Would you write out every record that follows exactly, with the pictures left out?
[Supplied data Boundary: Start]
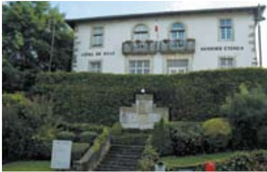
Uztaritzeko herriko etxea
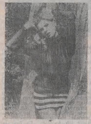
Szkoda, że lato się kończy
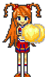
右の場合の「前フリ」ポーズ
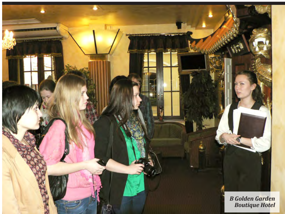
B Golden Garden Boutique Hotel

ставки включала семинары, круглые столы для профессионалов, демонстрацию оборудования и технологий, международные соревнования, мастер-классы и, конечно же, дегустации, – делится доцент кафедры «МКиСН». – Ребята могли планировать своё пребывание на выставке, выбирая интересные их мероприятия. Так, например, многие участники нашего тура посетили мастер-класс по приготовлению блюд итальянской кухни, который проводился итальянским шеф-поваром. Одним из интересовавшихся изучение барного мастерства, других – искусство эффективного общения и решения конфликтных ситуаций с гостем.
[Supplied data Boundary: End]
Task solution:
Uztaritzeko herriko etxea
Szkoda, że lato się kończy
右の場合の「前フリ」ポーズ
B Golden Garden Boutique Hotel

ставки включала семинары, круглые столы для профессионалов, демонстрацию оборудования и технологий, международные соревнования, мастер-классы и, конечно же, дегустации, – делится доцент кафедры «МКиСН». – Ребята могли планировать своё пребывание на выставке, выбирая интересные их мероприятия. Так, например, многие участники нашего тура посетили мастер-класс по приготовлению блюд итальянской кухни, который проводился итальянским шеф-поваром. Одним из интересовавшихся изучение барного мастерства, других – искусство эффективного общения и решения конфликтных ситуаций с гостем.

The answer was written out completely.